This paper is the first part of a two part series and presents an overview of pig selection criteria for cleaning and maintenance of the pipelines, and covers high level guidance on establishing a progressive pigging strategy.

Pig Selection

Pigs are tools traveling through the pipe, which are driven by the pressure differential across the pig. Several factors can affect the seal between the pig and pipewall; in addition, fluids accumulated in the flow will also be effective in pig selection. Some of these factors are presented in Table 1.
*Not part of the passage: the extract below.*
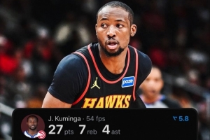 據(jù)統(tǒng)計,庫明加27分已經創(chuàng)造了老鷹球員隊史首秀替補出戰(zhàn)的得分紀錄!

There are many different pig designs available which can be grouped under two main categories- utility and in-line inspection (ILI) pigs. Cleaning and sealing pigs fall under utility pigs. Cleaning pigs are mainly used to remove accumulated solids and debris, whereas the sealing pigs are utilized mostly to remove accumulated liquids, separate dissimilar fluids, dewatering, etc. Selection of the correct pig type for a given application is also dependent on features such as pig material, length, sealing discs, driving cups, guiding discs and additional tools attached such as blades and brushes. As a rule of thumb, guidance regarding the sizing of these features can be summarized as follows:

  • Length – Overall pig length should generally be 1.5 – 2 times the pipe’s nominal size. With a length of less than 1.5 times the nominal size, the pig may roll in the pipeline. Spacing between the extreme pig supports should therefore be no less than 1.1 times the pipe diameter. The maximum allowable pig length is a function of the minimum pipe bend radius encountered.
  • Sealing Discs – These are normally sized between 103% and 108 % of the pipe internal diameter. Where the pipe internal diameter varies, discs are 103% of the largest internal diameter as long as the disc is no more than 110% of the smaller internal diameter. If this criterion cannot be met, either thin, more flexible discs, or split cups will be required.
  • Driving Cups – Minimum size is approximately 102% of pipe internal diameter. Maximum interference is determined by the size of the cup shoulder.
  • Guiding Discs – Size is normally 99% of pipe internal diameter. When the internal diameter varies significantly, the guiding disc is segmented.
  • Gauge Plates – These are normally sized to 95% of pipe’s internal diameter.
  • Brushes – Circular and spring-mounted brushes are sized to 103% of pipe internal diameter.

 

Figure 1: Progressive Pigging Decision Tree Example

Pigging Strategy

The methodology chosen for a specific line is a function of the time allocated for cleaning it, the degree of line cleaning that is required (i.e. how much deposit it is acceptable to leave in the line), operational restrictions, line condition, and how much risk will be present in the event that the pig blocks the line. It is usually recommended to carry out a progressive pigging program which can be defined as the process of running a series of pigs that are progressively harder and/or larger (increased aggressiveness) in order to remove deposits partially during each run. Although this approach may take longer period of time, it reduces the risk of a stuck pig.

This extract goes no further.